I will keep everyone posted on all material updates.
tsightler
VP, Product Management
Posts: 6035
Liked: 2860 times
Joined: Jun 05, 2009 12:57 pm
Full Name: Tom Sightler
Contact:

Re: REFS 4k horror story

Post by tsightler » 1 person likes this post

Gostev wrote:In any case, we have good collaboration with the ReFS team and they are currently very engaged. The current fix seems to be solving the big part of the issue, so there's definitely some progress. More importantly, in most cases it makes the system stable enough to remove the need to migrate off of ReFS, so those customers can continue doing backups while ReFS team is looking at the remaining issue.
Yeah, I'm not sure if I was really clear in my post but my point was that Veeam sharing such a Microsoft hotfix only highlights how closely Veeam and Microsoft are working together on the issue, but that it may still be difficult to get because it's certainly not a final hotfix ready for widespread adoption, it's truly a test hotfix where Veeam+Microsoft are gathering data on the results.
kb1ibt
Influencer
Posts: 14
Liked: never
Joined: Apr 24, 2015 1:40 pm
Contact:

Re: REFS 4k horror story

Post by kb1ibt »

Another reason that it is only going out to a few people is the driver is currently being distributed with the full debugging headers so that way they can continue to troubleshoot the issue. Especially helpful for cases like mine where I am still running into the problem. So the test driver is not ready for production (and wide scale distribution) since it isn't stable on all systems.
thomas.raabo
Service Provider
Posts: 28
Liked: 11 times
Joined: Oct 31, 2016 6:27 pm
Full Name: Thomas Raabo
Location: infrastructure guy
Contact:

Re: REFS 4k horror story

Post by thomas.raabo » 1 person likes this post

Gostev wrote:
In any case, we have good collaboration with the ReFS team and they are currently very engaged. The current fix seems to be solving the big part of the issue, so there's definitely some progress. More importantly, in most cases it makes the system stable enough to remove the need to migrate off of ReFS, so those customers can continue doing backups while ReFS team is looking at the remaining issue.

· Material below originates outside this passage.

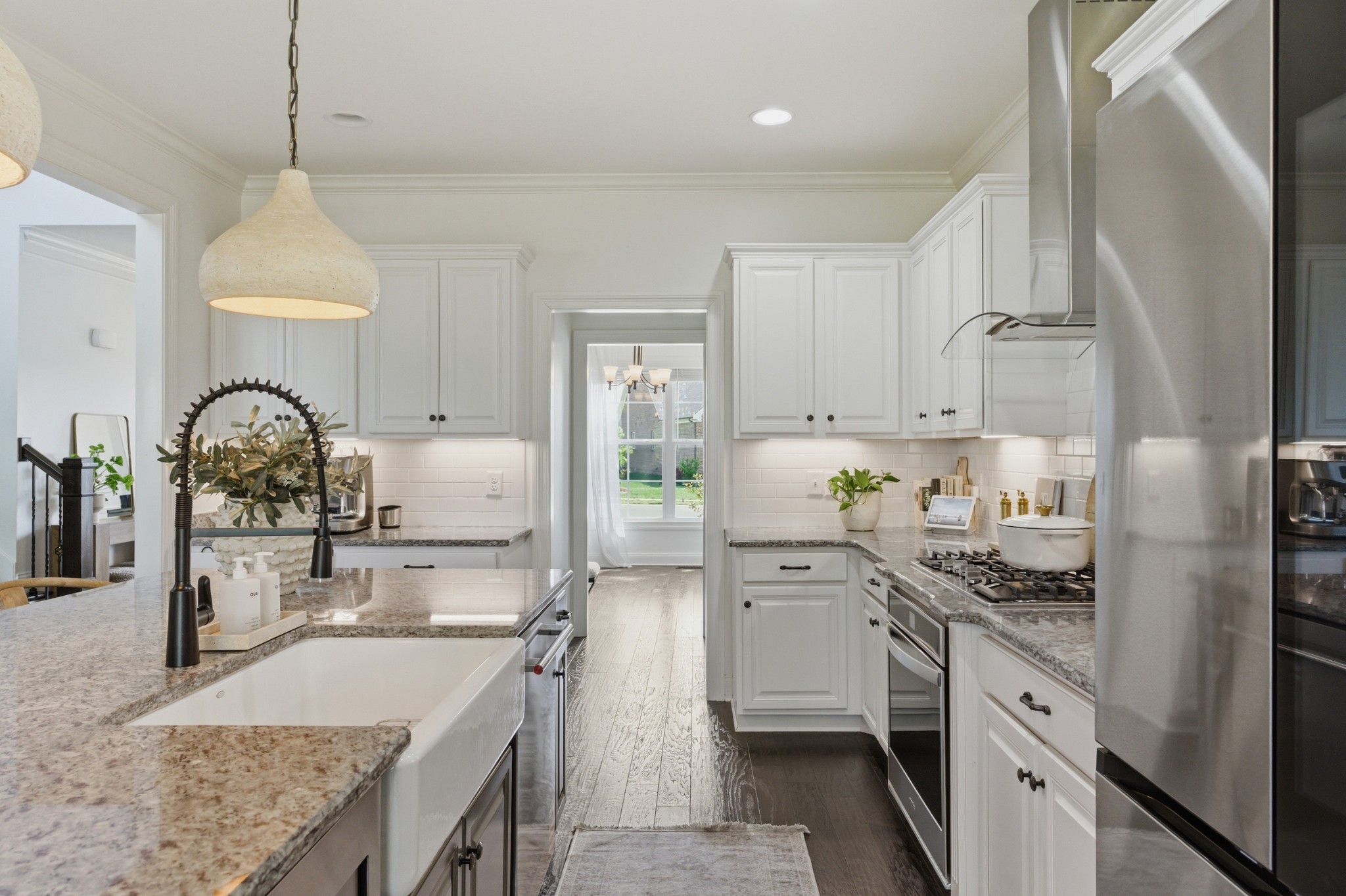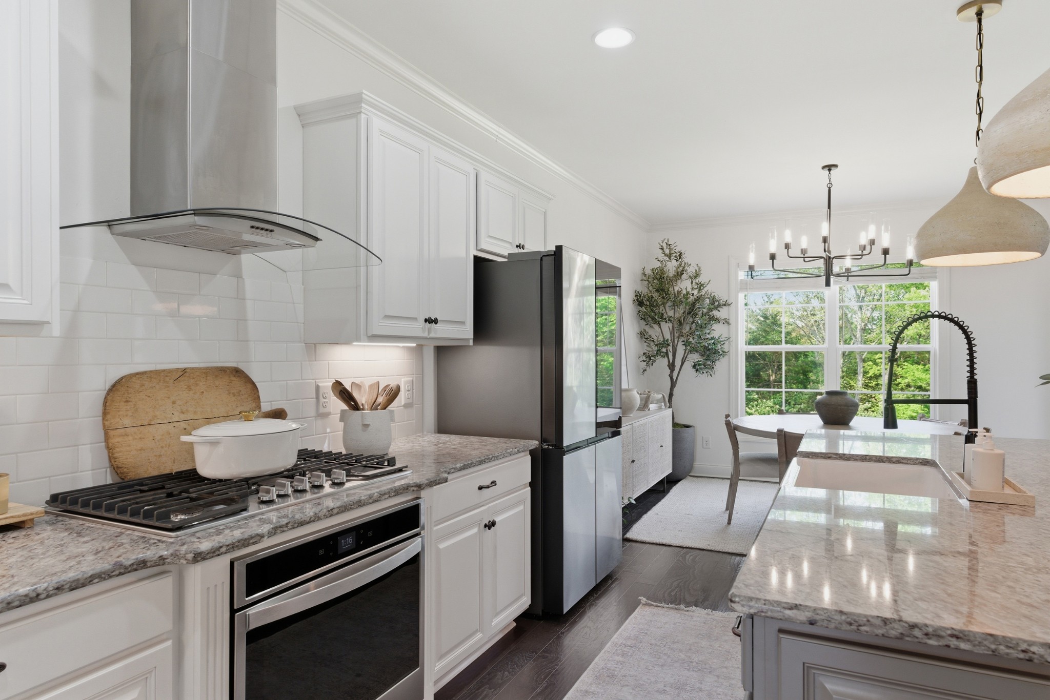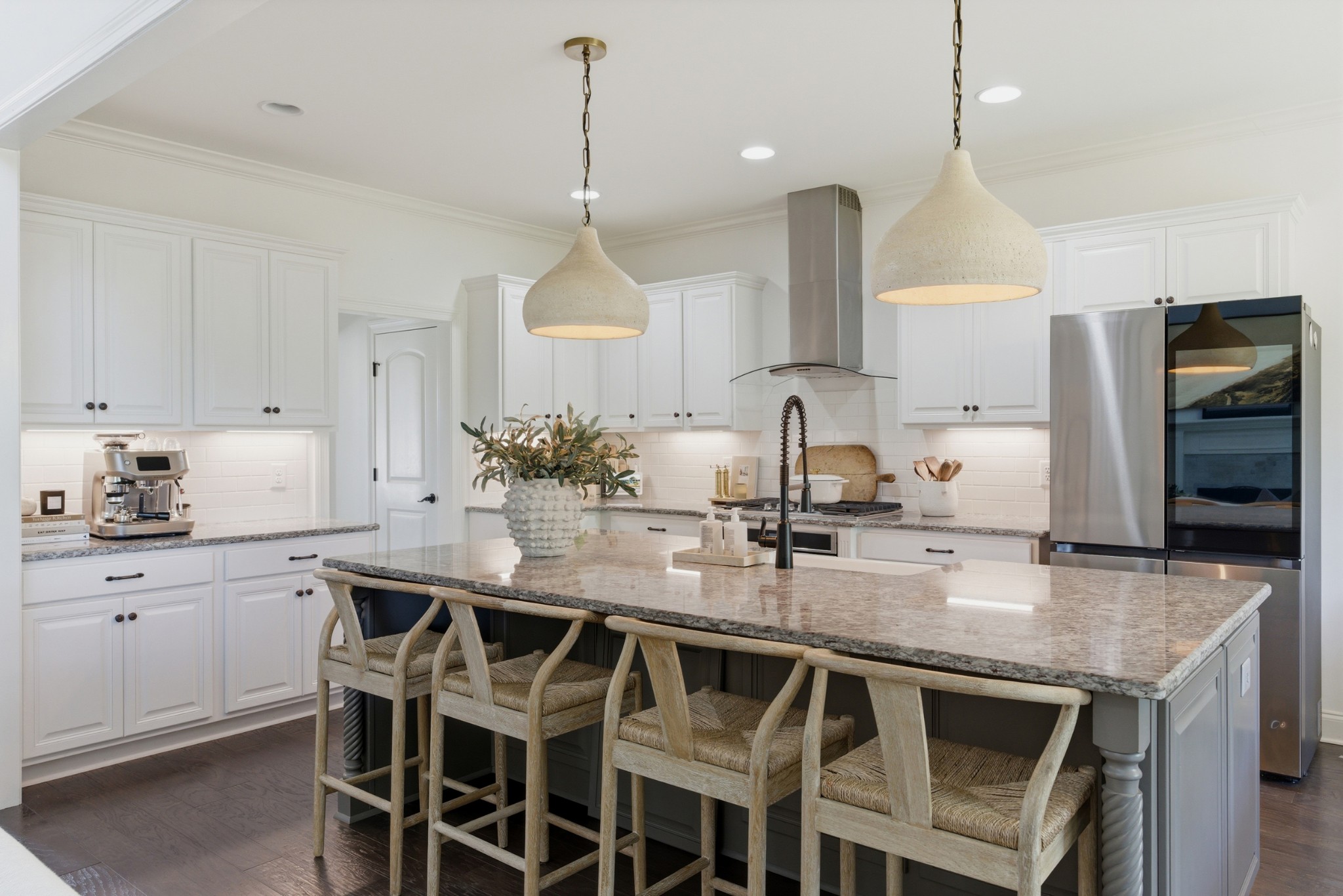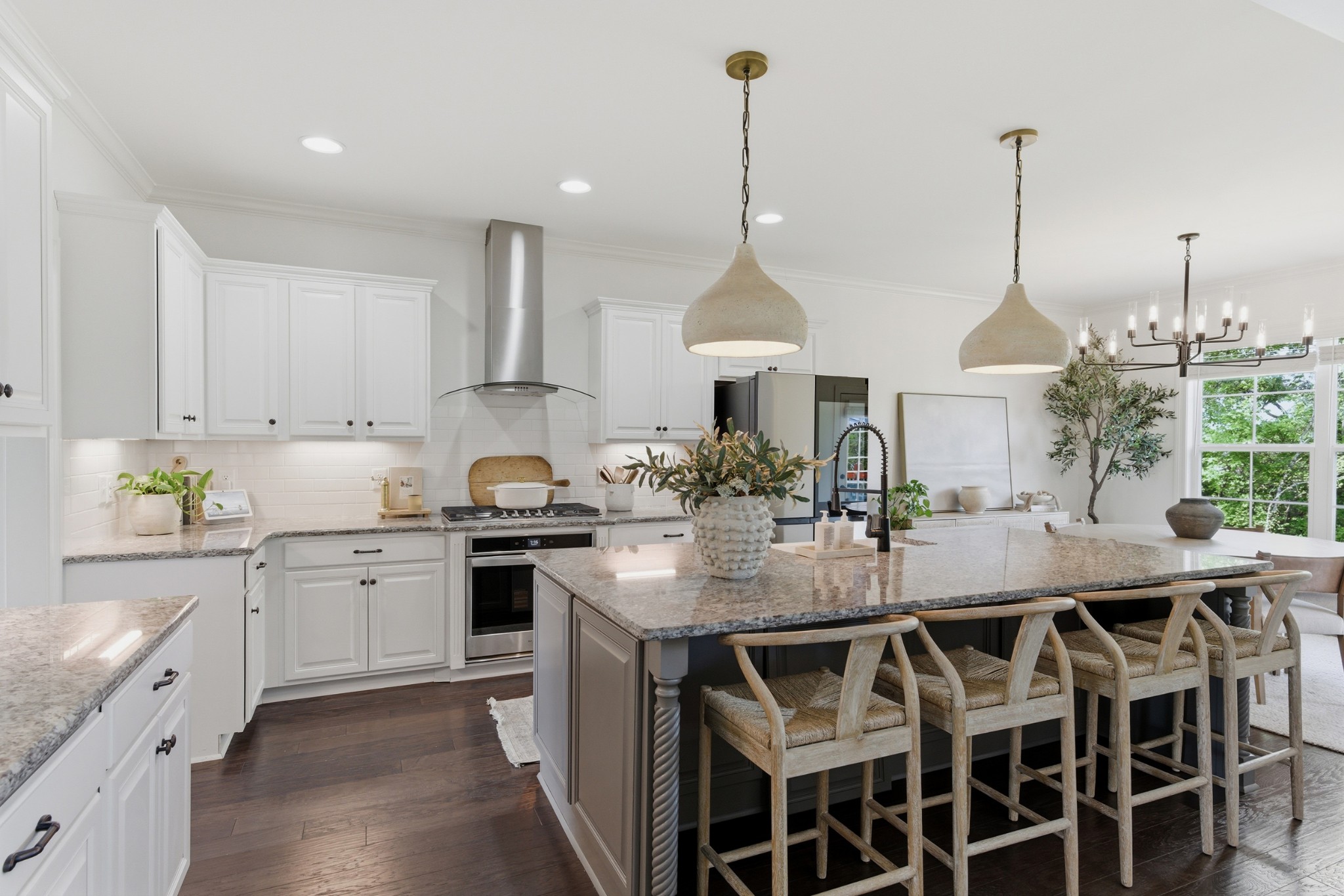 Inside, you’ll find exquisite custom woodwork, rich hardwood floors, and elegant finishes that create a warm yet refined atmosphere throughout. The chef-inspired kitchen is the heart of the home, featuring smart appliances, abundant cabinetry, and an expansive granite island perfect for gathering and entertaining. Multiple living and dining areas provide a flexible layout suited for both everyday living and hosting.

I will keep everyone posted on all material updates.
100% agree.

We have seen our system go from daily problems to only 1 small issue after the update. This is 100% sure progress
Cicadymn
Enthusiast
Posts: 26
Liked: 12 times
Joined: Jan 30, 2017 7:42 pm
Full Name: Sam
Contact:

Re: REFS 4k horror story

Post by Cicadymn »

I got the ReFS fix from Veeam support set up on my backup copy host. I started having problems with the CPU maxing out after a minute or two and contacted support. After the fix everything was looking better, but once two synthetic fulls started going at the same time it immediately locked out via CPU again. Now I'm back to crashing via CPU shortly after boot.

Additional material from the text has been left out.